■ Study material

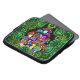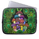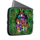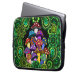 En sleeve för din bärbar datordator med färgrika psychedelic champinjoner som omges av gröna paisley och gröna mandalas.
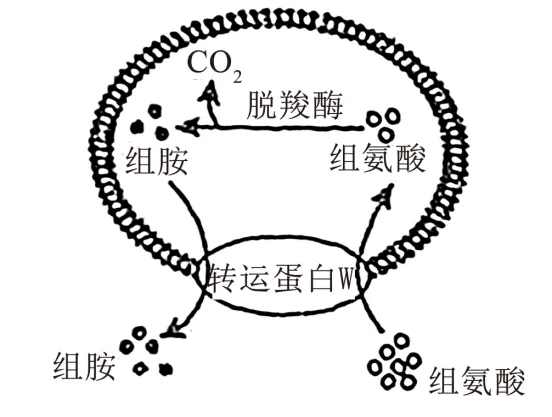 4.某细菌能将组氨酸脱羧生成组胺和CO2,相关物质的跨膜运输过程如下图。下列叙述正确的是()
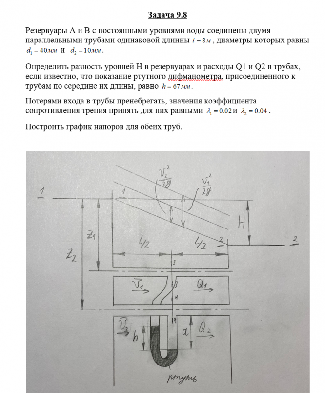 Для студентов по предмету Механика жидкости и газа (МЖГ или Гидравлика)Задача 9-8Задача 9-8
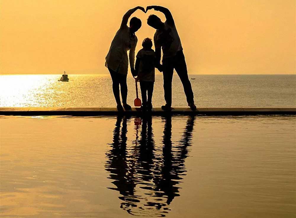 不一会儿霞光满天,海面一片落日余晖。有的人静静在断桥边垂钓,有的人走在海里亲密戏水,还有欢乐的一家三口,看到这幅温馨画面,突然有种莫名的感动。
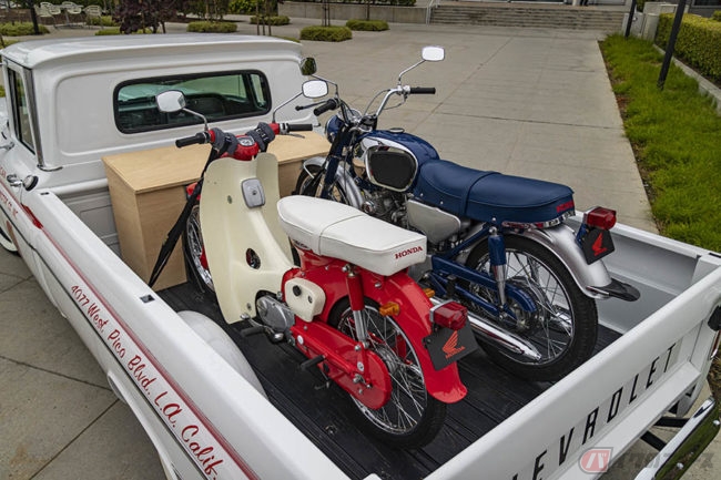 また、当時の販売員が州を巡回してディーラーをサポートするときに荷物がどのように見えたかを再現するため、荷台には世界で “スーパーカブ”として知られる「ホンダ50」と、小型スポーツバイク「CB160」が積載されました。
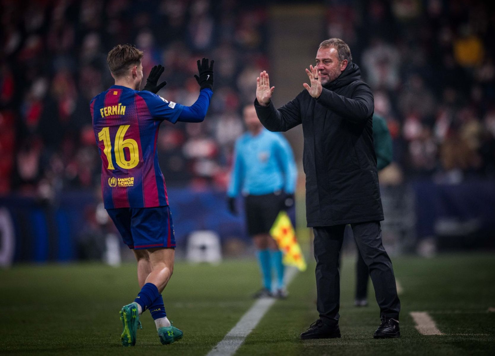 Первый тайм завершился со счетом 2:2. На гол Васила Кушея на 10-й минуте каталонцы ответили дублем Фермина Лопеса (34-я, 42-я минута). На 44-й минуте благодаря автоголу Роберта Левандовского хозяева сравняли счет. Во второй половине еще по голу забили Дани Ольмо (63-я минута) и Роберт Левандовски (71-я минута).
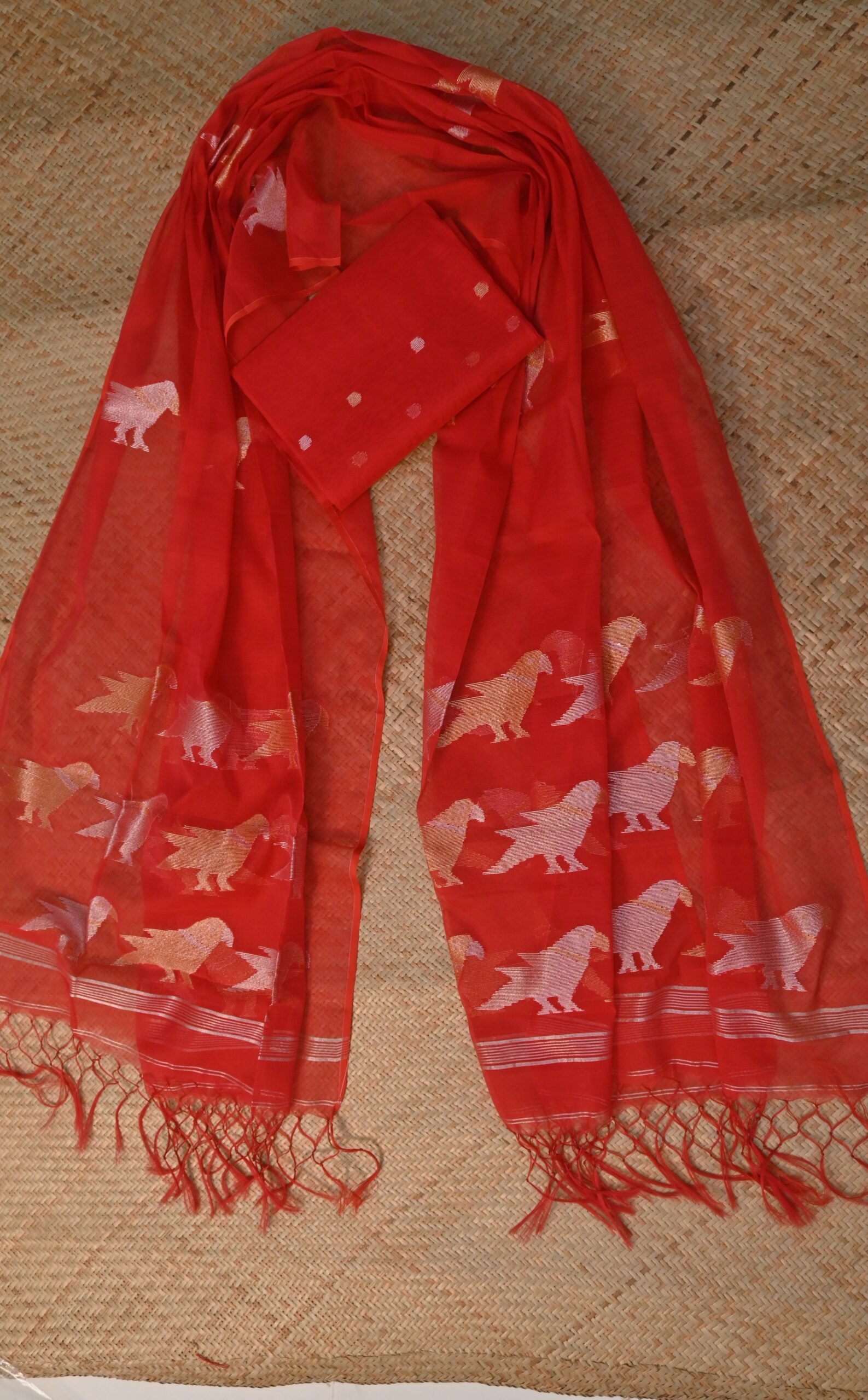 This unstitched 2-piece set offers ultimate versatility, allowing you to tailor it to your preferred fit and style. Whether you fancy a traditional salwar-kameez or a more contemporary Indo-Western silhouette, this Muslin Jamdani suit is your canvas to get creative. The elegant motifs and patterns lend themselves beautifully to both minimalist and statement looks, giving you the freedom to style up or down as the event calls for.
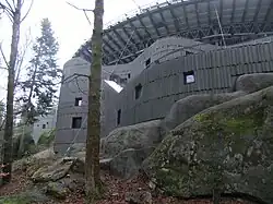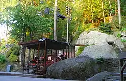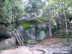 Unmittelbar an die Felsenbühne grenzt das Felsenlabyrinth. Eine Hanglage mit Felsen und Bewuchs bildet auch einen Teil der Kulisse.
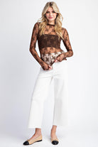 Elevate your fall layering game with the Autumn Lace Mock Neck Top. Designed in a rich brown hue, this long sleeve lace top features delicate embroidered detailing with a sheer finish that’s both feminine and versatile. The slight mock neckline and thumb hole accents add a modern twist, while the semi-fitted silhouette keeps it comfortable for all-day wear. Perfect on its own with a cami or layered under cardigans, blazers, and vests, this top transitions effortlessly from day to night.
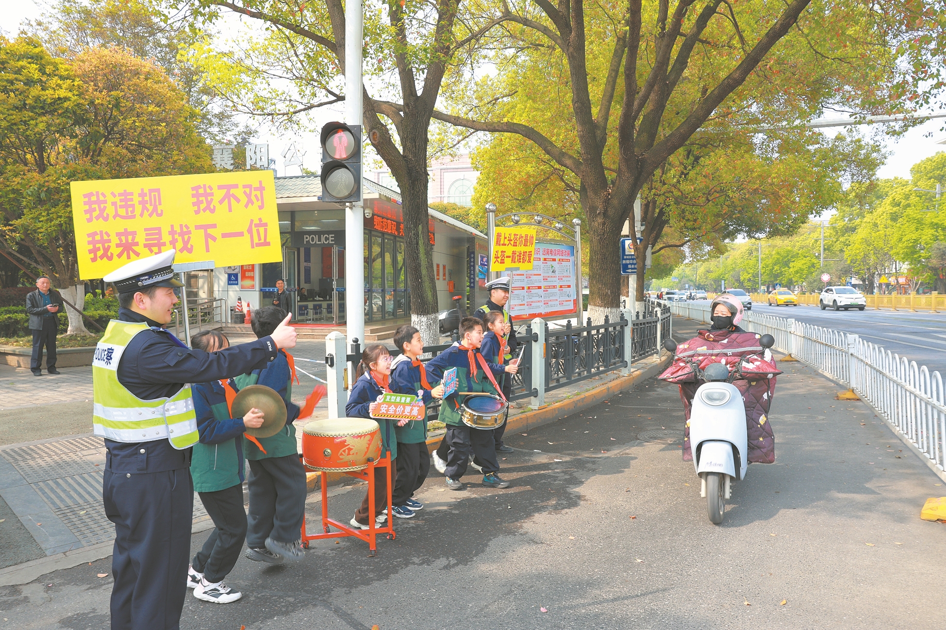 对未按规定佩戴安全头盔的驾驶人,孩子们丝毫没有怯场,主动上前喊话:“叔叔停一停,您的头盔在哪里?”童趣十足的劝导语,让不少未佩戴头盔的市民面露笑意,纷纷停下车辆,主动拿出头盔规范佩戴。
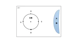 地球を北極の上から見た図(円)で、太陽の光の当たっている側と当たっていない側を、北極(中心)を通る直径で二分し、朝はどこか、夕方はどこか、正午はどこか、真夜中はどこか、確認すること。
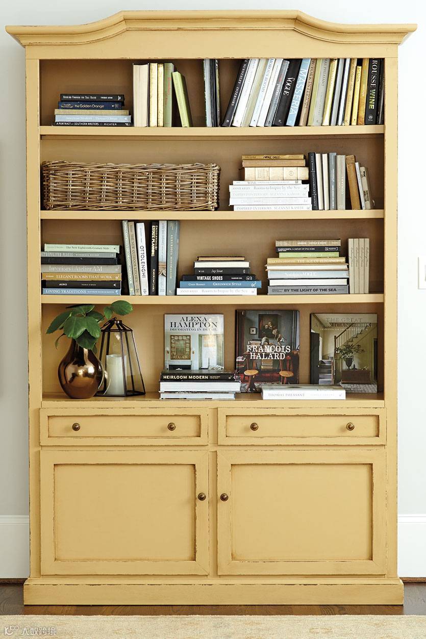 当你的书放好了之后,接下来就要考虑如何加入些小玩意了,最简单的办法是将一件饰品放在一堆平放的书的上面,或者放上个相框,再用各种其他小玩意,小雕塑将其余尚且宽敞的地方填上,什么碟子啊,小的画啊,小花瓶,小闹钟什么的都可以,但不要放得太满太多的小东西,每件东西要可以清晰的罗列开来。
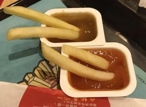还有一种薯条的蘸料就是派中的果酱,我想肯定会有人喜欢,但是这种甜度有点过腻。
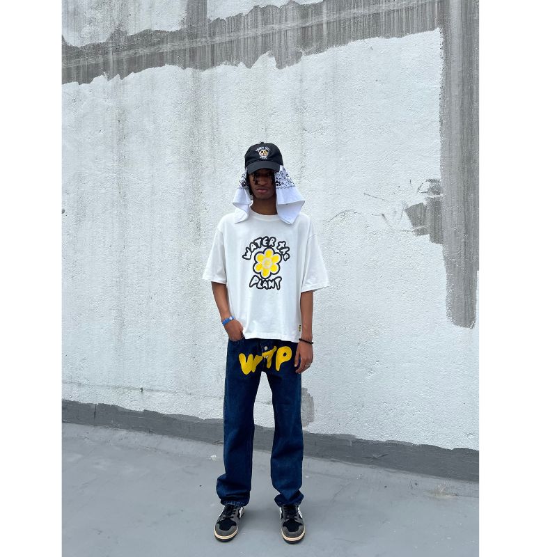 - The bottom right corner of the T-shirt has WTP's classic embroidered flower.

■ Work to be completed
From the first line to the last, retype the data above exactly, but not its images.

■ Output
 En sleeve för din bärbar datordator med färgrika psychedelic champinjoner som omges av gröna paisley och gröna mandalas.
 4.某细菌能将组氨酸脱羧生成组胺和CO2,相关物质的跨膜运输过程如下图。下列叙述正确的是()
 Для студентов по предмету Механика жидкости и газа (МЖГ или Гидравлика)Задача 9-8Задача 9-8
 不一会儿霞光满天,海面一片落日余晖。有的人静静在断桥边垂钓,有的人走在海里亲密戏水,还有欢乐的一家三口,看到这幅温馨画面,突然有种莫名的感动。
 また、当時の販売員が州を巡回してディーラーをサポートするときに荷物がどのように見えたかを再現するため、荷台には世界で “スーパーカブ”として知られる「ホンダ50」と、小型スポーツバイク「CB160」が積載されました。
 Первый тайм завершился со счетом 2:2. На гол Васила Кушея на 10-й минуте каталонцы ответили дублем Фермина Лопеса (34-я, 42-я минута). На 44-й минуте благодаря автоголу Роберта Левандовского хозяева сравняли счет. Во второй половине еще по голу забили Дани Ольмо (63-я минута) и Роберт Левандовски (71-я минута).
 This unstitched 2-piece set offers ultimate versatility, allowing you to tailor it to your preferred fit and style. Whether you fancy a traditional salwar-kameez or a more contemporary Indo-Western silhouette, this Muslin Jamdani suit is your canvas to get creative. The elegant motifs and patterns lend themselves beautifully to both minimalist and statement looks, giving you the freedom to style up or down as the event calls for.
 Unmittelbar an die Felsenbühne grenzt das Felsenlabyrinth. Eine Hanglage mit Felsen und Bewuchs bildet auch einen Teil der Kulisse.
 Elevate your fall layering game with the Autumn Lace Mock Neck Top. Designed in a rich brown hue, this long sleeve lace top features delicate embroidered detailing with a sheer finish that’s both feminine and versatile. The slight mock neckline and thumb hole accents add a modern twist, while the semi-fitted silhouette keeps it comfortable for all-day wear. Perfect on its own with a cami or layered under cardigans, blazers, and vests, this top transitions effortlessly from day to night.
 对未按规定佩戴安全头盔的驾驶人,孩子们丝毫没有怯场,主动上前喊话:“叔叔停一停,您的头盔在哪里?”童趣十足的劝导语,让不少未佩戴头盔的市民面露笑意,纷纷停下车辆,主动拿出头盔规范佩戴。
 地球を北極の上から見た図(円)で、太陽の光の当たっている側と当たっていない側を、北極(中心)を通る直径で二分し、朝はどこか、夕方はどこか、正午はどこか、真夜中はどこか、確認すること。
 当你的书放好了之后,接下来就要考虑如何加入些小玩意了,最简单的办法是将一件饰品放在一堆平放的书的上面,或者放上个相框,再用各种其他小玩意,小雕塑将其余尚且宽敞的地方填上,什么碟子啊,小的画啊,小花瓶,小闹钟什么的都可以,但不要放得太满太多的小东西,每件东西要可以清晰的罗列开来。
还有一种薯条的蘸料就是派中的果酱,我想肯定会有人喜欢,但是这种甜度有点过腻。
 - The bottom right corner of the T-shirt has WTP's classic embroidered flower.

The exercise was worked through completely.